Nothing but the lines below from the one holding "выполняет данная клетка? |" up to and including the one holding "W drodze do" should be copied, exactly and without pictures.
====== Records supplied
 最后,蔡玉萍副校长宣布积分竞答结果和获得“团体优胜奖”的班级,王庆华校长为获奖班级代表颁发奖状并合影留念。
============
====== Records supplied
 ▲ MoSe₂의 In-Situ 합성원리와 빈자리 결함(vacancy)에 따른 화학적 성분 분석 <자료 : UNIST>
============
====== Records supplied
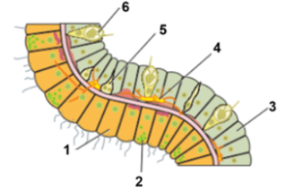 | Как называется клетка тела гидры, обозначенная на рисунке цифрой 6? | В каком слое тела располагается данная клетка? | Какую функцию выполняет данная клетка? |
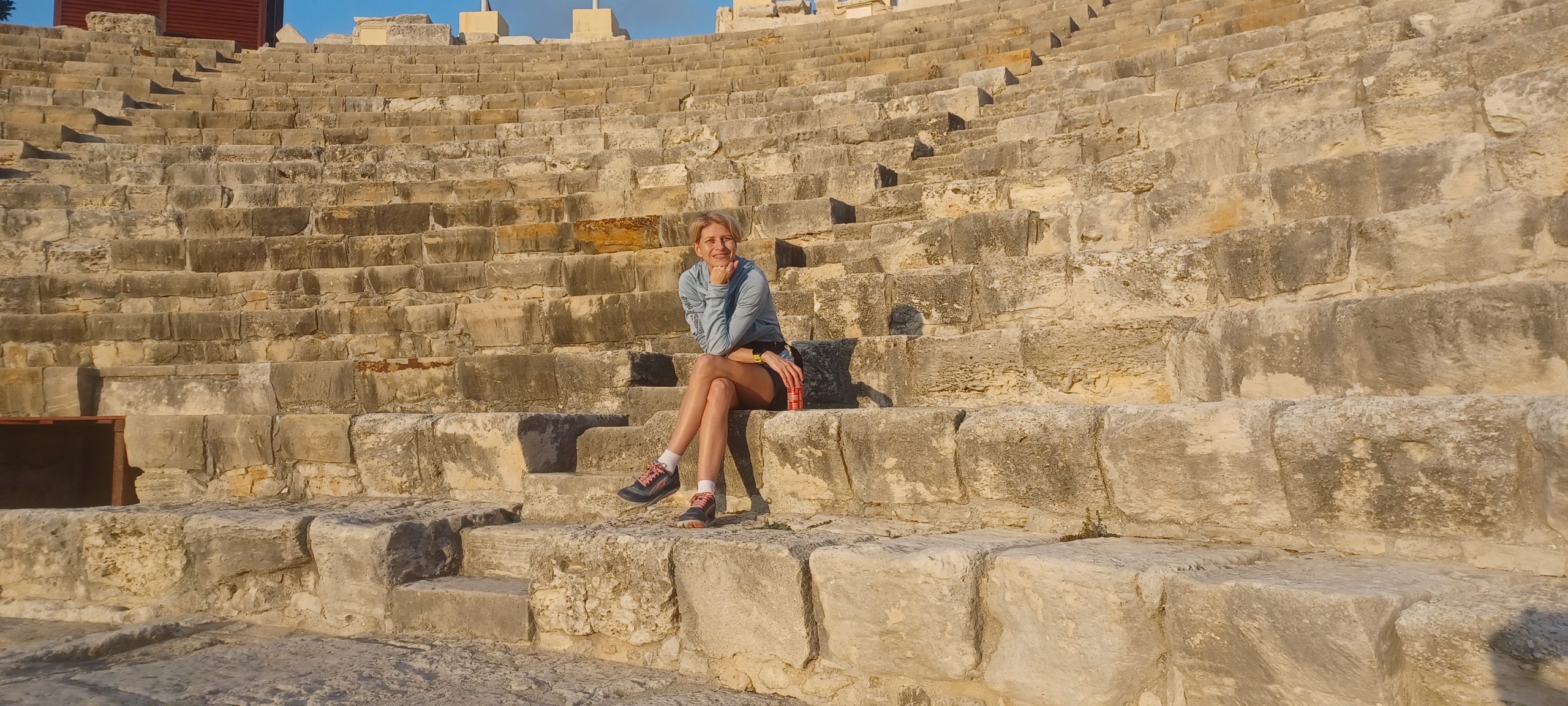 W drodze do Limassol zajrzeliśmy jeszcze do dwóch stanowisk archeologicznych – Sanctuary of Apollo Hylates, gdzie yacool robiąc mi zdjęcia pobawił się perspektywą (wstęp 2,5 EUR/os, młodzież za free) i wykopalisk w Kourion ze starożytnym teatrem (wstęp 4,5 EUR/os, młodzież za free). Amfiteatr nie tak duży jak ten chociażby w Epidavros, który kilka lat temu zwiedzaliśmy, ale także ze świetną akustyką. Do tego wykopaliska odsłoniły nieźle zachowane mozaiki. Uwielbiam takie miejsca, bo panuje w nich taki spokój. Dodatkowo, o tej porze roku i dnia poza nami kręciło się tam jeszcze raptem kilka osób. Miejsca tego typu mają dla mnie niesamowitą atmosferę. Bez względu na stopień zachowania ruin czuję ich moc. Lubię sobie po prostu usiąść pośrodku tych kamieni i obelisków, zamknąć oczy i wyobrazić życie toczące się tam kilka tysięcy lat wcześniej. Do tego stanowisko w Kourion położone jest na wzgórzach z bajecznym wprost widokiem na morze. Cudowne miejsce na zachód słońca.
============
■ Solution to this exercise ■
 | Как называется клетка тела гидры, обозначенная на рисунке цифрой 6? | В каком слое тела располагается данная клетка? | Какую функцию выполняет данная клетка? |
 W drodze do Limassol zajrzeliśmy jeszcze do dwóch stanowisk archeologicznych – Sanctuary of Apollo Hylates, gdzie yacool robiąc mi zdjęcia pobawił się perspektywą (wstęp 2,5 EUR/os, młodzież za free) i wykopalisk w Kourion ze starożytnym teatrem (wstęp 4,5 EUR/os, młodzież za free). Amfiteatr nie tak duży jak ten chociażby w Epidavros, który kilka lat temu zwiedzaliśmy, ale także ze świetną akustyką. Do tego wykopaliska odsłoniły nieźle zachowane mozaiki. Uwielbiam takie miejsca, bo panuje w nich taki spokój. Dodatkowo, o tej porze roku i dnia poza nami kręciło się tam jeszcze raptem kilka osób. Miejsca tego typu mają dla mnie niesamowitą atmosferę. Bez względu na stopień zachowania ruin czuję ich moc. Lubię sobie po prostu usiąść pośrodku tych kamieni i obelisków, zamknąć oczy i wyobrazić życie toczące się tam kilka tysięcy lat wcześniej. Do tego stanowisko w Kourion położone jest na wzgórzach z bajecznym wprost widokiem na morze. Cudowne miejsce na zachód słońca.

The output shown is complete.